- DIRECTIONS
The required copy runs from the first line of the material through the line containing "Twin Size L-Shaped", exactly as written and without pictures.
====== DATA SEGMENT
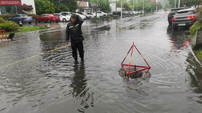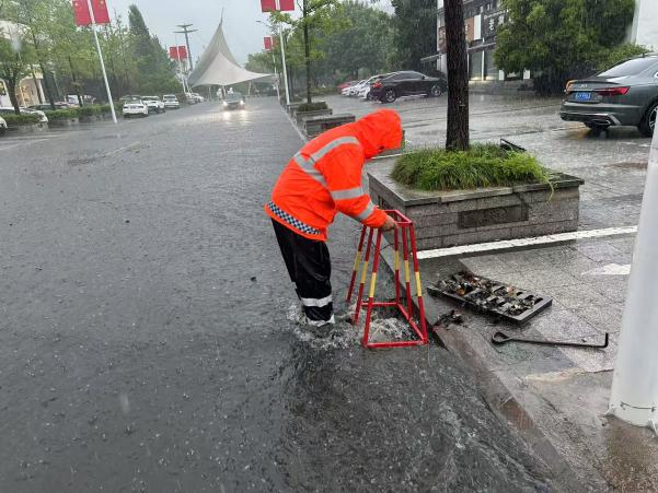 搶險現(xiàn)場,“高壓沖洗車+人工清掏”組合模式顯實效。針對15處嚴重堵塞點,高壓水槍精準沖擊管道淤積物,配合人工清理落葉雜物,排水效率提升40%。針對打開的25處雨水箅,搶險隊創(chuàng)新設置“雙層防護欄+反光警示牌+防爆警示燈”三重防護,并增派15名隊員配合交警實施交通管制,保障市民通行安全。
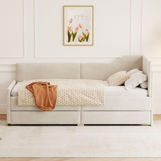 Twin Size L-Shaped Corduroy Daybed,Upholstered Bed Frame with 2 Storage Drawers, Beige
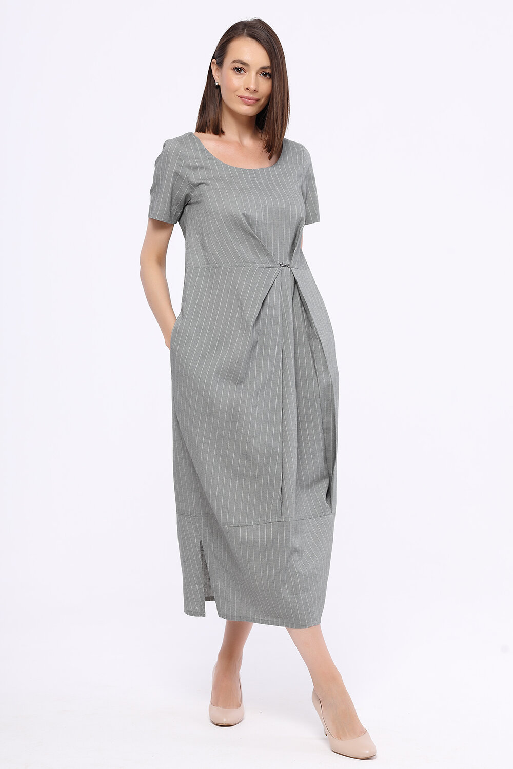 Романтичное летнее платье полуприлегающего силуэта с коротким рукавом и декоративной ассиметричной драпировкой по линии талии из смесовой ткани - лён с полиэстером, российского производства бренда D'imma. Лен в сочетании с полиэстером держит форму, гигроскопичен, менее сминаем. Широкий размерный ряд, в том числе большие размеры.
============
- RESPONSE TO THE TASK
 搶險現(xiàn)場,“高壓沖洗車+人工清掏”組合模式顯實效。針對15處嚴重堵塞點,高壓水槍精準沖擊管道淤積物,配合人工清理落葉雜物,排水效率提升40%。針對打開的25處雨水箅,搶險隊創(chuàng)新設置“雙層防護欄+反光警示牌+防爆警示燈”三重防護,并增派15名隊員配合交警實施交通管制,保障市民通行安全。
 Twin Size L-Shaped Corduroy Daybed,Upholstered Bed Frame with 2 Storage Drawers, Beige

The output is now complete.